Work instruction: Output the full listing below exactly; the images stay out.

The data:
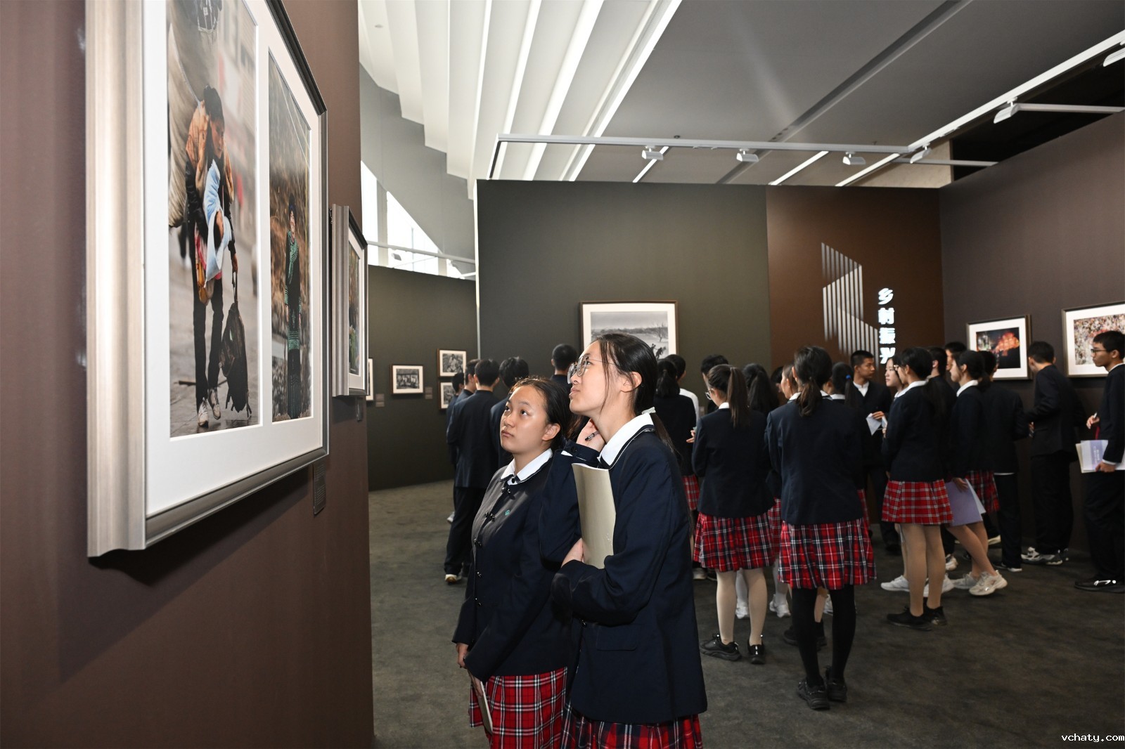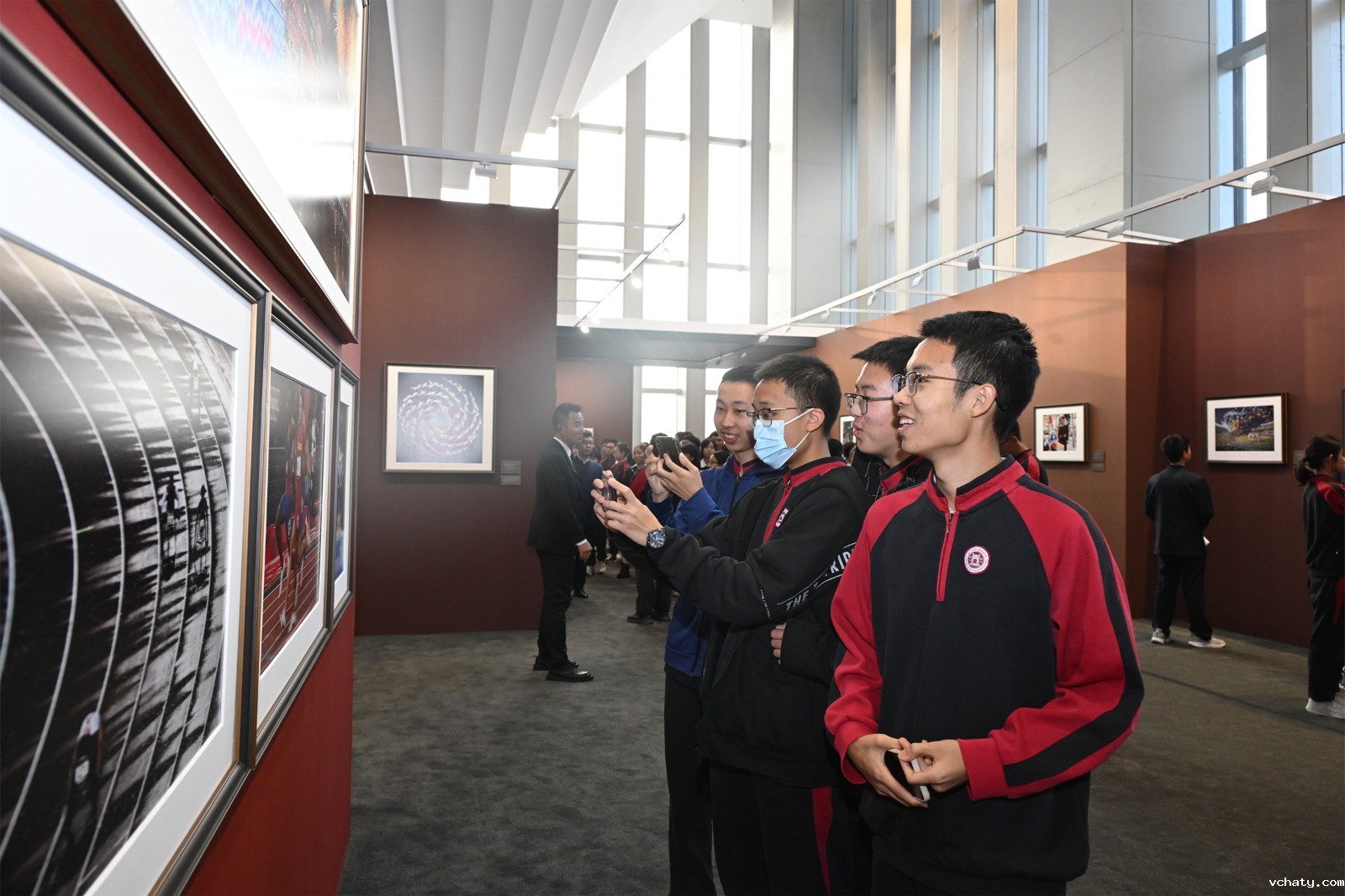黑白胶卷定格下芭蕾舞演员深入农村表演《白毛女》时的翩翩舞姿,抓拍瞬间刻画出16岁体操运动员吴佳妮飞越高低杠时的坚毅眼神,一大一小两只手指尖相碰,记录下中国救援队跨越国界传递的爱与信念……一张张照片记录着过往的奋斗征程,更书写着当下的壮丽篇章。同学们驻足于一张张照片前,感慨于劳动人民纯朴的笑脸,震撼于祖国大地壮美的河山,惊叹于巧妙生动的构图设计,沉浸于照片背后的难忘故事。
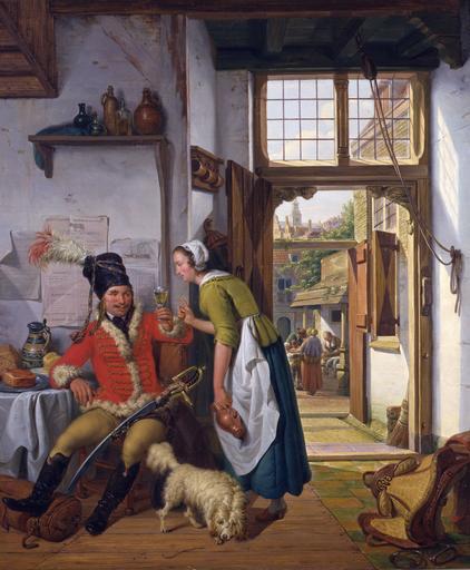 | Keywords: Abraham van Strij (I) 001.jpg Artwork Creator Abraham van Strij 64188 </ref> Alternate titles 1825 Oil on canvas size cm 72 61 Private collection 64188 object history ProvenanceEvent 1986-04-14 anonymous sale Mak van Waay Amsterdam 254 unknown by 1987-1988 Peter van Os Antiques Fine Arts art dealer Arnhem ProvenanceEvent 2004-11-02 anonymous sale Sotheby's Amsterdam 63 Stichting Vrienden van het Dordrechts Museum ProvenanceEvent 2005 gift LangSwitch das the au het Dordrechts Museum Dordrecht Stichting Vrienden van het Dordrechts Museum credit line A Van Stry / 1825 signature and date bottom right accession number WGA link 21891 http //www wga hu/art/s/strij/abraham/interior jpg http //www wga hu/html/s/strij/abraham/interior html painting interior Dutch 1751-1800 PD-old-100 LangSwitch Notes Noten <references /> WGA form painting WGA type interior WGA School Dutch WGA time period 1751-1800 Abraham van Strij Soldier and a waitress in a tavern 19th-century paintings in unidentified private collections Paintings in the Dordrechts Museum aan de Haven 1825 oil on canvas paintings 1820s genre paintings 19th-century paintings of dogs Jugs in art Military people and civilians in art People in rooms in art Household Uniform pelisses Sheepskin clothing Fur fashion in 1825 |
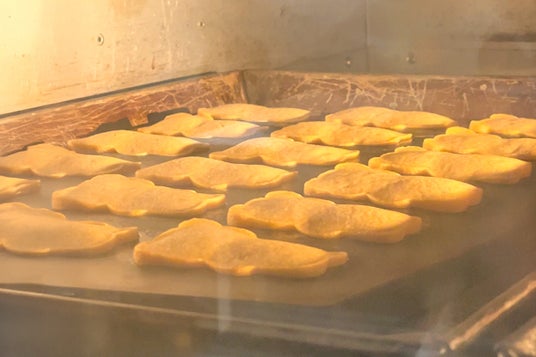 生地が詰まった型は、予熱されたオーブンの中へ。

Your response:
黑白胶卷定格下芭蕾舞演员深入农村表演《白毛女》时的翩翩舞姿,抓拍瞬间刻画出16岁体操运动员吴佳妮飞越高低杠时的坚毅眼神,一大一小两只手指尖相碰,记录下中国救援队跨越国界传递的爱与信念……一张张照片记录着过往的奋斗征程,更书写着当下的壮丽篇章。同学们驻足于一张张照片前,感慨于劳动人民纯朴的笑脸,震撼于祖国大地壮美的河山,惊叹于巧妙生动的构图设计,沉浸于照片背后的难忘故事。
 | Keywords: Abraham van Strij (I) 001.jpg Artwork Creator Abraham van Strij 64188 </ref> Alternate titles 1825 Oil on canvas size cm 72 61 Private collection 64188 object history ProvenanceEvent 1986-04-14 anonymous sale Mak van Waay Amsterdam 254 unknown by 1987-1988 Peter van Os Antiques Fine Arts art dealer Arnhem ProvenanceEvent 2004-11-02 anonymous sale Sotheby's Amsterdam 63 Stichting Vrienden van het Dordrechts Museum ProvenanceEvent 2005 gift LangSwitch das the au het Dordrechts Museum Dordrecht Stichting Vrienden van het Dordrechts Museum credit line A Van Stry / 1825 signature and date bottom right accession number WGA link 21891 http //www wga hu/art/s/strij/abraham/interior jpg http //www wga hu/html/s/strij/abraham/interior html painting interior Dutch 1751-1800 PD-old-100 LangSwitch Notes Noten <references /> WGA form painting WGA type interior WGA School Dutch WGA time period 1751-1800 Abraham van Strij Soldier and a waitress in a tavern 19th-century paintings in unidentified private collections Paintings in the Dordrechts Museum aan de Haven 1825 oil on canvas paintings 1820s genre paintings 19th-century paintings of dogs Jugs in art Military people and civilians in art People in rooms in art Household Uniform pelisses Sheepskin clothing Fur fashion in 1825 |
 生地が詰まった型は、予熱されたオーブンの中へ。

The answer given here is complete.